[Stored entries]
____________________

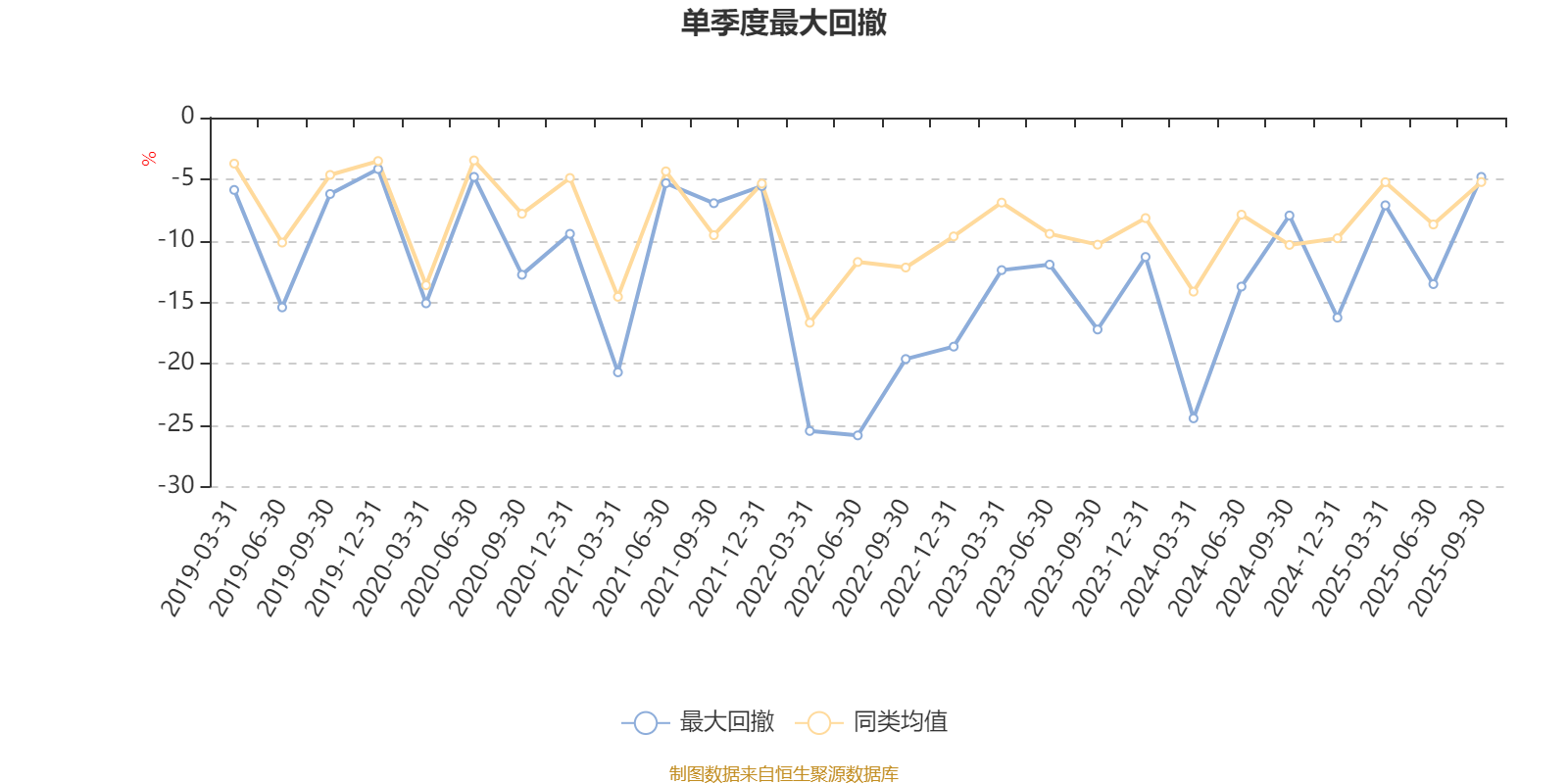 通过所选区间该基金净值增长率分位图,可以观察该基金与同类基金业绩比较情况。图为坐标原点到区间内某时点的净值增长率在同类基金中的分位数。
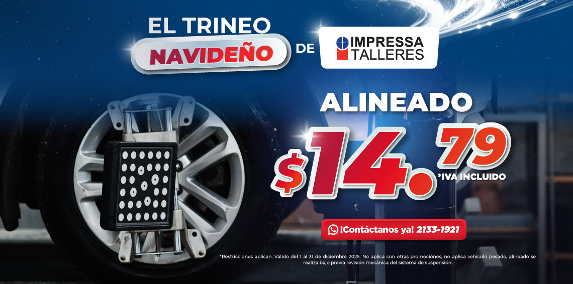 *Restricciones aplican. Válido del 1 al 31 de diciembre 2025. Precio con IVA incluido. No aplica con otras promociones, no aplica vehículo pesado, alineado se realiza bajo previa revisión mecánica del sistema de suspensión.
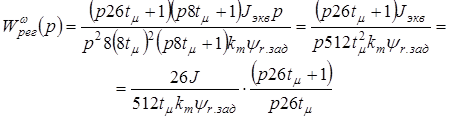 Тогда итоговое выражение для передаточной функции регулятора в контуре скорости получаем в следующем виде:
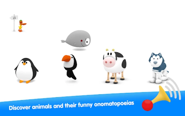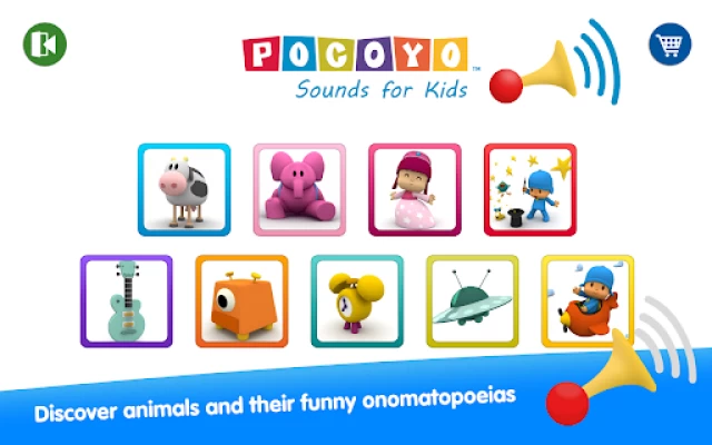 Discover a wide variety of different baby sounds to complement their learning and make it more fun; sounds of animals, onomatopoeias of musical instruments, sounds of means of transport, noises, and much more with Pocoyo Sounds for Kids. Make your babies laugh out loud listening to cow sounds, chicken onomatopoeias, farm animal sounds, Martian sounds, electric guitar melodies, trumpets and much more.
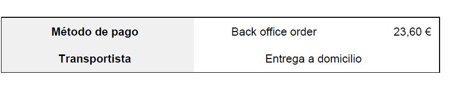 alexmp230 Posted June 9, 2016 Share Posted June 9, 2016 Hola buenas tardes, actualmente estoy haciendo pruebas de manejo de pedidos desde el backoffice ya que por ahora voy a dejar la tienda en modo catálogo y realizar los pedidos manualmente. Mi problema es que da igual que métedo de pago elija al crear un pedido (img1), que siempre me aparece que el pago es "back office order"(img2). En un principio no es algo de suma importancia, lo peor es que también aparece eso en las facturas.(img3) ¿Hay alguna manera de solucionarlo? Gracias y un saludo. Link to comment Share on other sites More sharing options...
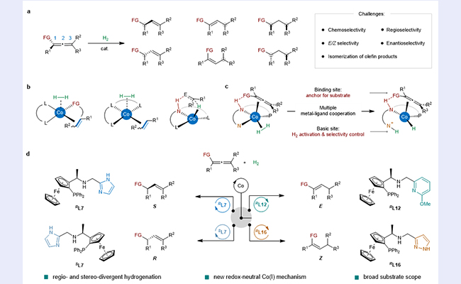 近日,乐竞官方端网站登录入口化学系刘强教授课题组在不对称氢化研究领域取得重要突破。研究团队通过设计并合成一类具有多重金属-配体协同作用的新型钳形钴催化剂,成功实现了多取代联烯的位点与立体选择性发散式半氢化反应,解决了该领域长期存在的选择性控制难题。
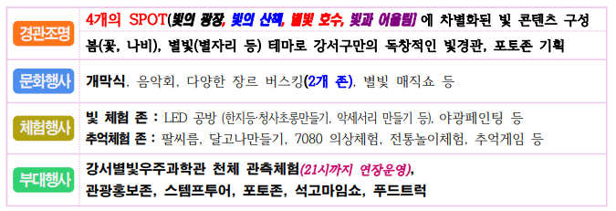 • 부대행사 : 강서별빛우주과학관 전체관측, 석고마임쇼, 스탬프투어, 관광홍보이벤트
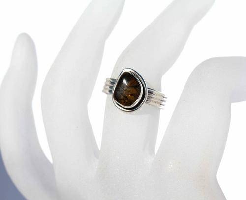 UNUSUAL PIETERSITE GEMSTONE RING SET IN STERLING SILVER
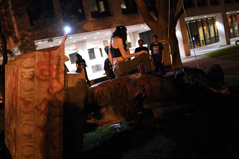 Aproximativ 100 de oameni s-au adunat în jurul statuii lui Pike la 11 p.m. Cât a durat vandalismul: 15 minute. După 15 minute, protestatarii au decis că focul ar fi cea mai bună soluție.
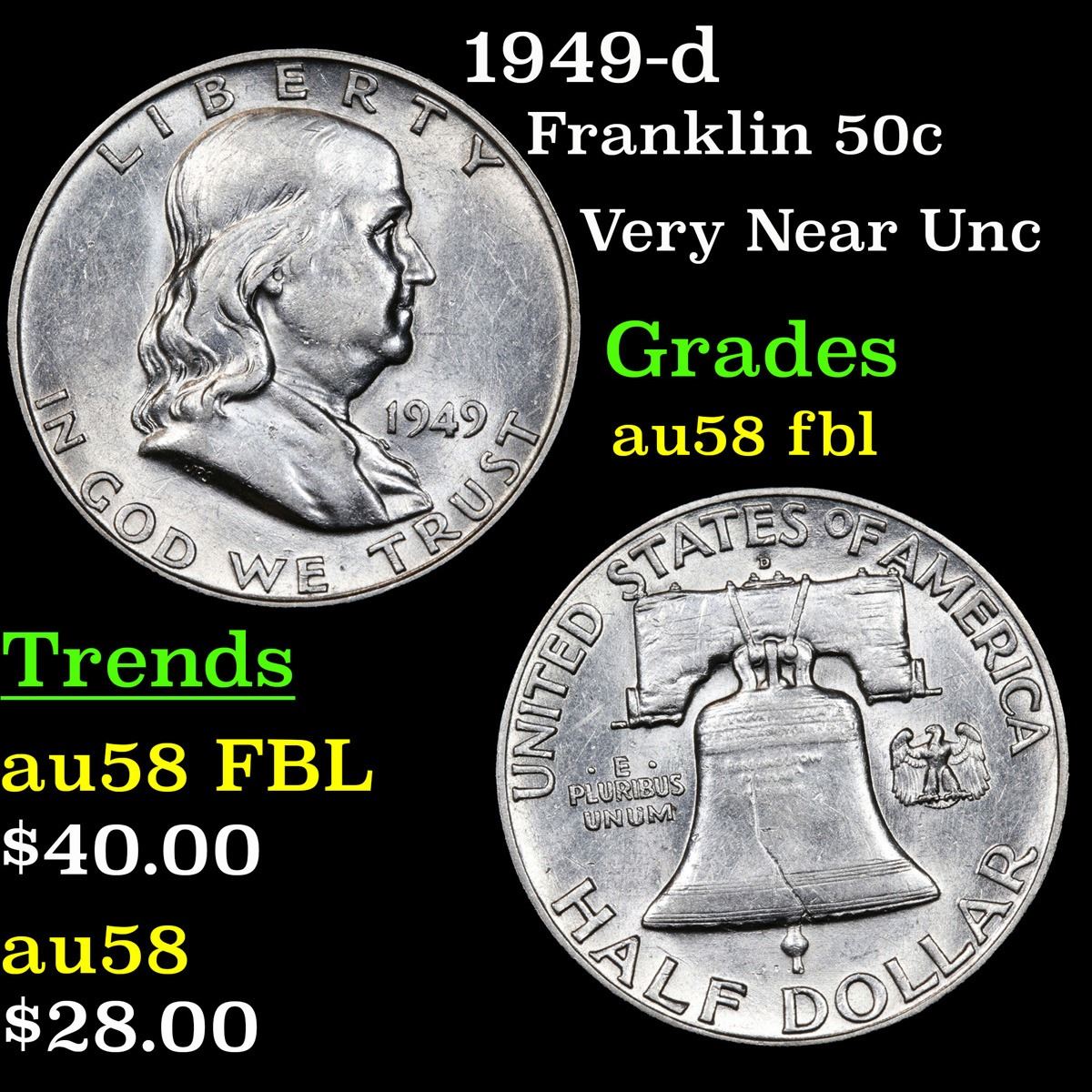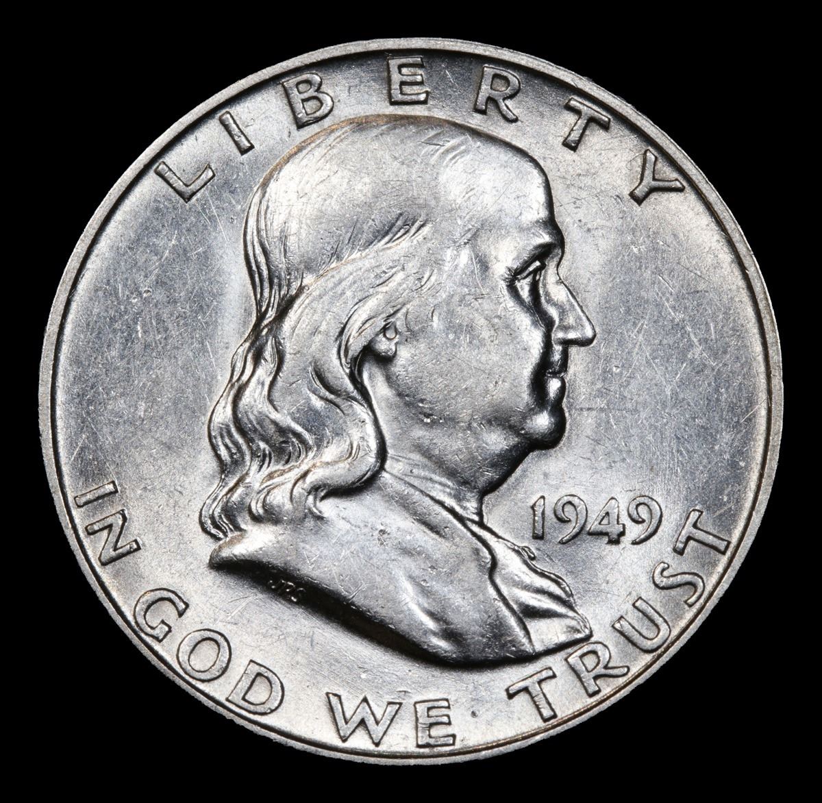 1949-d . Very Near Unc Franklin Half Dollar 50c Grades Choice AU/BU Slider FBL.
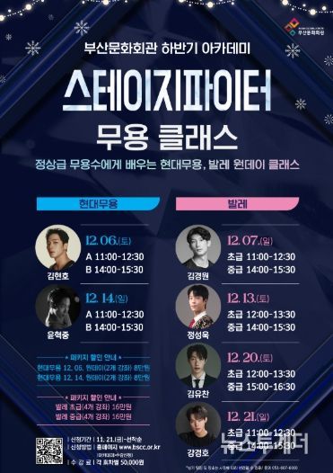 뉴스투게더 김인숙 기자 | (재)부산문화회관은 최근 다양한 문화 콘텐츠와 공연 활동을 통해 시민들의 무용에 대한 관심과 학습 수요가 꾸준히 증가하고 있는 흐름에 발맞춰, 오는 12월 무용 원데이 클래스 강좌를 마련한다.
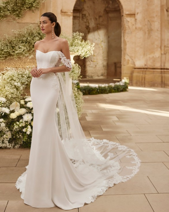 Vestido de novia, de corte sirena. Confeccionado en crepé bielástico con escote palabra de honor. Tirantes extraíbles, espalda escotada y capa incluida.
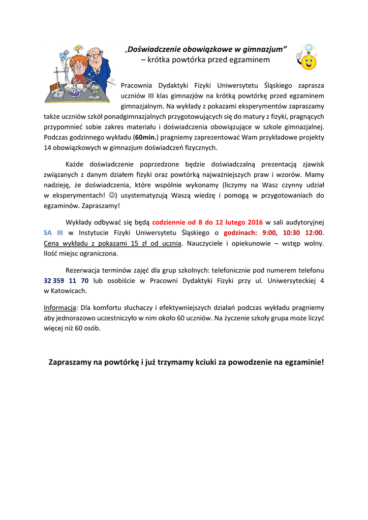 „Doświadczenie obowiązkowe w gimnazjum” – krótka powtórka przed egzaminem Pracownia Dydaktyki Fizyki Uniwersytetu Śląskiego zaprasza uczniów III klas gimnazjów na krótką powtórkę przed egzaminem gimnazjalnym. Na wykłady z pokazami eksperymentów zapraszamy także uczniów szkół ponadgimnazjalnych przygotowujących się do matury z fizyki, pragnących przypomnieć sobie zakres materiału i doświadczenia obowiązujące w szkole gimnazjalnej. Podczas godzinnego wykładu (60min.) pragniemy zaprezentować Wam przykładowe projekty 14 obowiązkowych w gimnazjum doświadczeń fizycznych. Każde doświadczenie poprzedzone będzie doświadczalną prezentacją zjawisk związanych z danym działem fizyki oraz powtórką najważniejszych praw i wzorów. Mamy nadzieję, że doświadczenia, które wspólnie wykonamy (liczymy na Wasz czynny udział w eksperymentach! ) usystematyzują Waszą wiedzę i pomogą w przygotowaniach do egzaminów. Zapraszamy! Wykłady odbywać się będą codziennie od 8 do 12 lutego 2016 w sali audytoryjnej SA III w Instytucie Fizyki Uniwersytetu Śląskiego o godzinach: 9:00, 10:30 12:00. Cena wykładu z pokazami 15 zł od ucznia. Nauczyciele i opiekunowie – wstęp wolny. Ilość miejsc ograniczona. Rezerwacja terminów zajęć dla grup szkolnych: telefonicznie pod numerem telefonu 32 359 11 70 lub osobiście w Pracowni Dydaktyki Fizyki przy ul. Uniwersyteckiej 4 w Katowicach. Informacja: Dla komfortu słuchaczy i efektywniejszych działań podczas wykładu pragniemy aby jednorazowo uczestniczyło w nim około 60 uczniów. Na życzenie szkoły grupa może liczyć więcej niż 60 osób. Zapraszamy na powtórkę i już trzymamy kciuki za powodzenie na egzaminie! Uczniów szkół gimnazjalnych i ponadgimnazjalnych zapraszamy na zajęcia laboratoryjne! Podczas zajęć laboratoryjnych samodzielnie wykonać możecie jedno lub kilka spośród doświadczeń obowiązkowych w szkole gimnazjalnej jak i ponadgimnazjalnej. Na podstawie otrzymanej instrukcji (karty pracy), wykorzystując zaproponowane, przygotowane zestawy przyrządów możecie wykonać pomiary konkretnych wielkości fizycznych, następnie wykonać analizę otrzymanych pomiarów i wyciągnąć właściwe wnioski wynikające z otrzymanych danych. Swoje obserwacje i wnioski z wykonanych pomiarów, pod koniec zajęć możecie także zaprezentować kolegom z klasy. Zajęcia odbywają się w Pracowni Dydaktyki Fizyki, Instytucie Fizyki przy ul. Uniwersyteckiej 4 w Katowicach. Termin, godzinę oraz czas trwania zajęć oraz ich szczegóły można uzgodnić telefonicznie pod numerem 32 359 1170 lub osobiście w Pracowni Dydaktyki Fizyki. Zajęcia prowadzone są dla grup nie większych niż 15 osób! Koszt zajęć laboratoryjnych to 20 zł od osoby za godzinę lekcyjną (45min.)
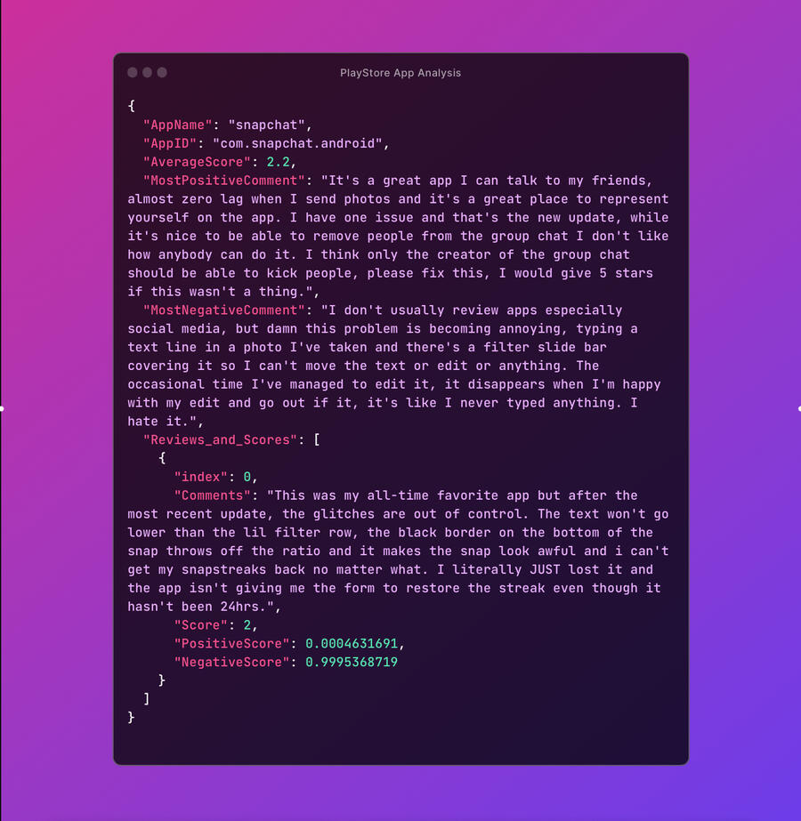 Analyse the reviews of any app on Google PlayStore. This endpoint uses textual emotional classification to differentiate between reviews that are negative and positive and also labels them with calculated positive and negative scores.
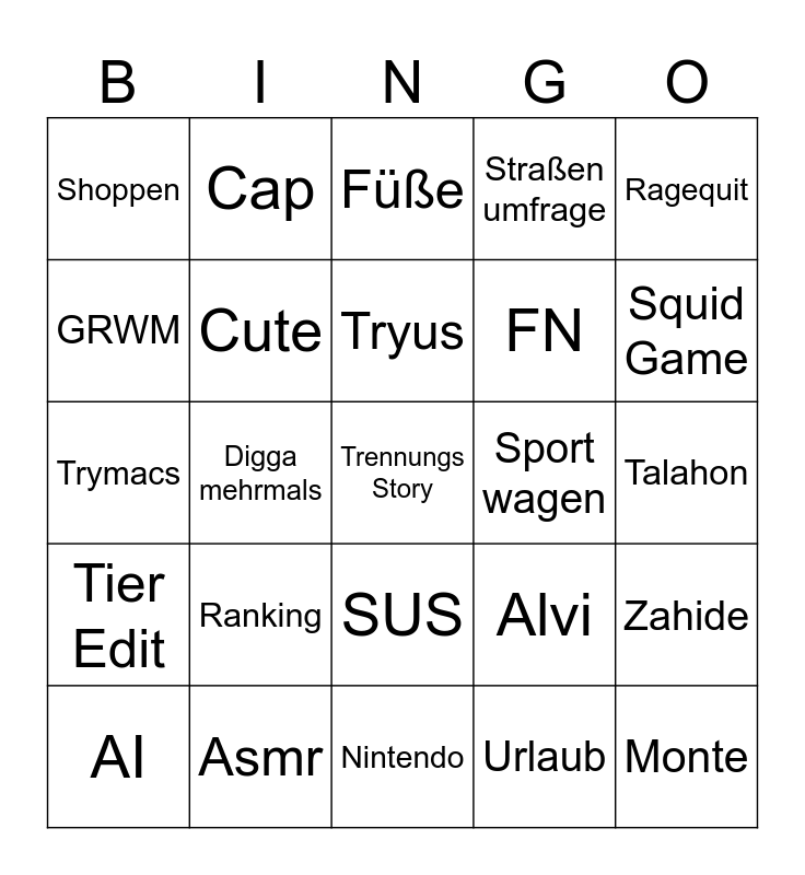 This bingo card has a free space and 24 words: Ranking, Asmr, Tryus, AI, Ragequit, Shoppen, GRWM, Cap, Sport wagen, SUS, FN, Trymacs, Alvi, Zahide, Cute, Urlaub, Talahon, Füße, Squid Game, Digga mehrmals, Monte, Tier Edit, Straßen umfrage and Nintendo.

____________________

What to produce:
Print each entry precisely as written; the pictures stay out.

Solution below:
 通过所选区间该基金净值增长率分位图,可以观察该基金与同类基金业绩比较情况。图为坐标原点到区间内某时点的净值增长率在同类基金中的分位数。
 *Restricciones aplican. Válido del 1 al 31 de diciembre 2025. Precio con IVA incluido. No aplica con otras promociones, no aplica vehículo pesado, alineado se realiza bajo previa revisión mecánica del sistema de suspensión.
 Тогда итоговое выражение для передаточной функции регулятора в контуре скорости получаем в следующем виде:
 Discover a wide variety of different baby sounds to complement their learning and make it more fun; sounds of animals, onomatopoeias of musical instruments, sounds of means of transport, noises, and much more with Pocoyo Sounds for Kids. Make your babies laugh out loud listening to cow sounds, chicken onomatopoeias, farm animal sounds, Martian sounds, electric guitar melodies, trumpets and much more.
 alexmp230 Posted June 9, 2016 Share Posted June 9, 2016 Hola buenas tardes, actualmente estoy haciendo pruebas de manejo de pedidos desde el backoffice ya que por ahora voy a dejar la tienda en modo catálogo y realizar los pedidos manualmente. Mi problema es que da igual que métedo de pago elija al crear un pedido (img1), que siempre me aparece que el pago es "back office order"(img2). En un principio no es algo de suma importancia, lo peor es que también aparece eso en las facturas.(img3) ¿Hay alguna manera de solucionarlo? Gracias y un saludo. Link to comment Share on other sites More sharing options...
 近日,乐竞官方端网站登录入口化学系刘强教授课题组在不对称氢化研究领域取得重要突破。研究团队通过设计并合成一类具有多重金属-配体协同作用的新型钳形钴催化剂,成功实现了多取代联烯的位点与立体选择性发散式半氢化反应,解决了该领域长期存在的选择性控制难题。
 • 부대행사 : 강서별빛우주과학관 전체관측, 석고마임쇼, 스탬프투어, 관광홍보이벤트
 UNUSUAL PIETERSITE GEMSTONE RING SET IN STERLING SILVER
 Aproximativ 100 de oameni s-au adunat în jurul statuii lui Pike la 11 p.m. Cât a durat vandalismul: 15 minute. După 15 minute, protestatarii au decis că focul ar fi cea mai bună soluție.
 1949-d . Very Near Unc Franklin Half Dollar 50c Grades Choice AU/BU Slider FBL.
 뉴스투게더 김인숙 기자 | (재)부산문화회관은 최근 다양한 문화 콘텐츠와 공연 활동을 통해 시민들의 무용에 대한 관심과 학습 수요가 꾸준히 증가하고 있는 흐름에 발맞춰, 오는 12월 무용 원데이 클래스 강좌를 마련한다.
 Vestido de novia, de corte sirena. Confeccionado en crepé bielástico con escote palabra de honor. Tirantes extraíbles, espalda escotada y capa incluida.
 „Doświadczenie obowiązkowe w gimnazjum” – krótka powtórka przed egzaminem Pracownia Dydaktyki Fizyki Uniwersytetu Śląskiego zaprasza uczniów III klas gimnazjów na krótką powtórkę przed egzaminem gimnazjalnym. Na wykłady z pokazami eksperymentów zapraszamy także uczniów szkół ponadgimnazjalnych przygotowujących się do matury z fizyki, pragnących przypomnieć sobie zakres materiału i doświadczenia obowiązujące w szkole gimnazjalnej. Podczas godzinnego wykładu (60min.) pragniemy zaprezentować Wam przykładowe projekty 14 obowiązkowych w gimnazjum doświadczeń fizycznych. Każde doświadczenie poprzedzone będzie doświadczalną prezentacją zjawisk związanych z danym działem fizyki oraz powtórką najważniejszych praw i wzorów. Mamy nadzieję, że doświadczenia, które wspólnie wykonamy (liczymy na Wasz czynny udział w eksperymentach! ) usystematyzują Waszą wiedzę i pomogą w przygotowaniach do egzaminów. Zapraszamy! Wykłady odbywać się będą codziennie od 8 do 12 lutego 2016 w sali audytoryjnej SA III w Instytucie Fizyki Uniwersytetu Śląskiego o godzinach: 9:00, 10:30 12:00. Cena wykładu z pokazami 15 zł od ucznia. Nauczyciele i opiekunowie – wstęp wolny. Ilość miejsc ograniczona. Rezerwacja terminów zajęć dla grup szkolnych: telefonicznie pod numerem telefonu 32 359 11 70 lub osobiście w Pracowni Dydaktyki Fizyki przy ul. Uniwersyteckiej 4 w Katowicach. Informacja: Dla komfortu słuchaczy i efektywniejszych działań podczas wykładu pragniemy aby jednorazowo uczestniczyło w nim około 60 uczniów. Na życzenie szkoły grupa może liczyć więcej niż 60 osób. Zapraszamy na powtórkę i już trzymamy kciuki za powodzenie na egzaminie! Uczniów szkół gimnazjalnych i ponadgimnazjalnych zapraszamy na zajęcia laboratoryjne! Podczas zajęć laboratoryjnych samodzielnie wykonać możecie jedno lub kilka spośród doświadczeń obowiązkowych w szkole gimnazjalnej jak i ponadgimnazjalnej. Na podstawie otrzymanej instrukcji (karty pracy), wykorzystując zaproponowane, przygotowane zestawy przyrządów możecie wykonać pomiary konkretnych wielkości fizycznych, następnie wykonać analizę otrzymanych pomiarów i wyciągnąć właściwe wnioski wynikające z otrzymanych danych. Swoje obserwacje i wnioski z wykonanych pomiarów, pod koniec zajęć możecie także zaprezentować kolegom z klasy. Zajęcia odbywają się w Pracowni Dydaktyki Fizyki, Instytucie Fizyki przy ul. Uniwersyteckiej 4 w Katowicach. Termin, godzinę oraz czas trwania zajęć oraz ich szczegóły można uzgodnić telefonicznie pod numerem 32 359 1170 lub osobiście w Pracowni Dydaktyki Fizyki. Zajęcia prowadzone są dla grup nie większych niż 15 osób! Koszt zajęć laboratoryjnych to 20 zł od osoby za godzinę lekcyjną (45min.)
 Analyse the reviews of any app on Google PlayStore. This endpoint uses textual emotional classification to differentiate between reviews that are negative and positive and also labels them with calculated positive and negative scores.
 This bingo card has a free space and 24 words: Ranking, Asmr, Tryus, AI, Ragequit, Shoppen, GRWM, Cap, Sport wagen, SUS, FN, Trymacs, Alvi, Zahide, Cute, Urlaub, Talahon, Füße, Squid Game, Digga mehrmals, Monte, Tier Edit, Straßen umfrage and Nintendo.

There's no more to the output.